■ **The data**:
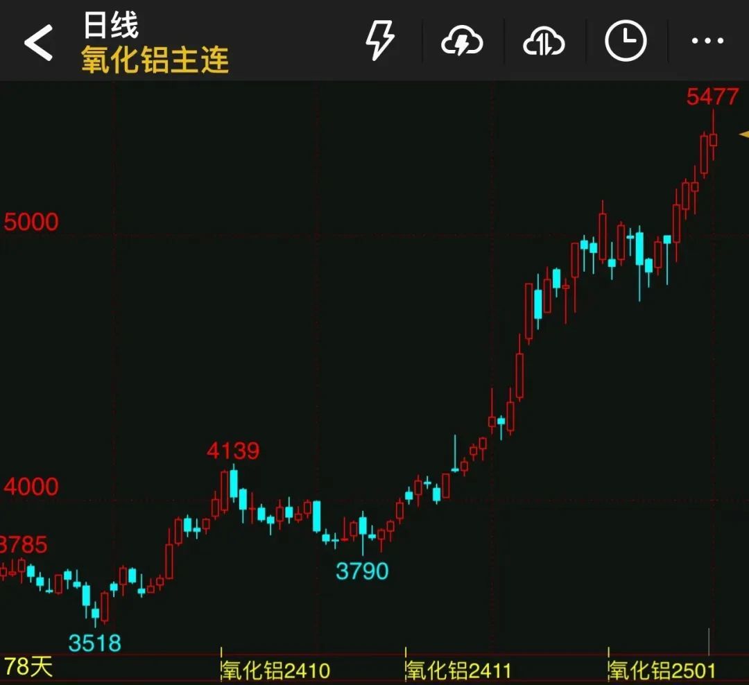 十一月十一日,氧化铝期货主力合约2501再次上涨,最高5477元/吨,续刷上市以来新高。
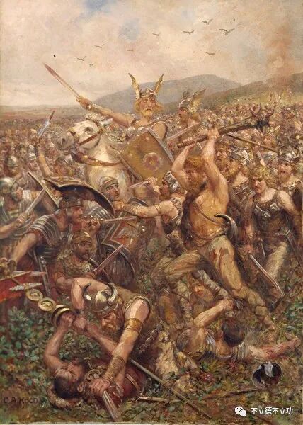 改变历史走向的是公元后9年的条顿堡森林之战。当时,罗马帝国派驻莱茵行省的总督瓦鲁斯率领三个正规军团进剿日耳曼各部,被日耳曼各部联军的首领阿尔米尼乌斯引诱至条顿堡森林地带的埋伏圈。罗马军团在四面埋伏、分段截击中全军覆没、片甲不留,统帅瓦鲁斯自杀。
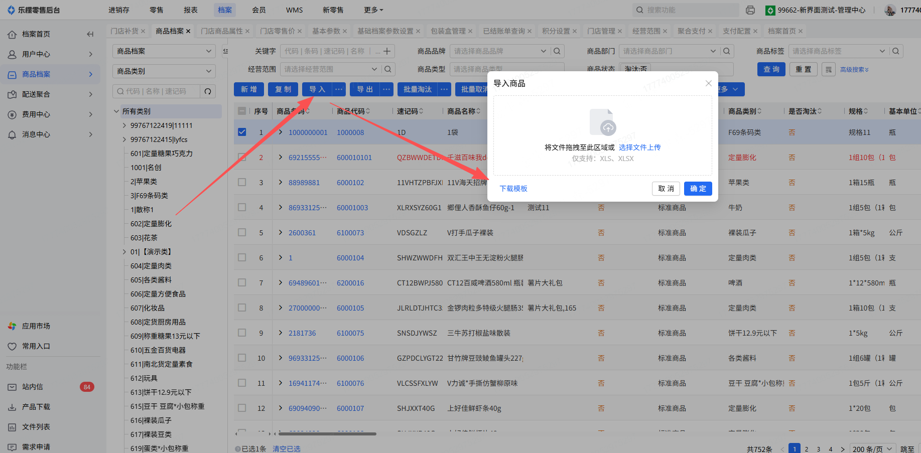 👉【操作路径】:乐檬web后台-档案-商品档案-导入-下载导入模板(点击下载导入模板)

■ **Aim of the task**: An exact repetition of the listing is needed, with the pictures dropped.

■ **Exercise response**:
 十一月十一日,氧化铝期货主力合约2501再次上涨,最高5477元/吨,续刷上市以来新高。
 改变历史走向的是公元后9年的条顿堡森林之战。当时,罗马帝国派驻莱茵行省的总督瓦鲁斯率领三个正规军团进剿日耳曼各部,被日耳曼各部联军的首领阿尔米尼乌斯引诱至条顿堡森林地带的埋伏圈。罗马军团在四面埋伏、分段截击中全军覆没、片甲不留,统帅瓦鲁斯自杀。
 👉【操作路径】:乐檬web后台-档案-商品档案-导入-下载导入模板(点击下载导入模板)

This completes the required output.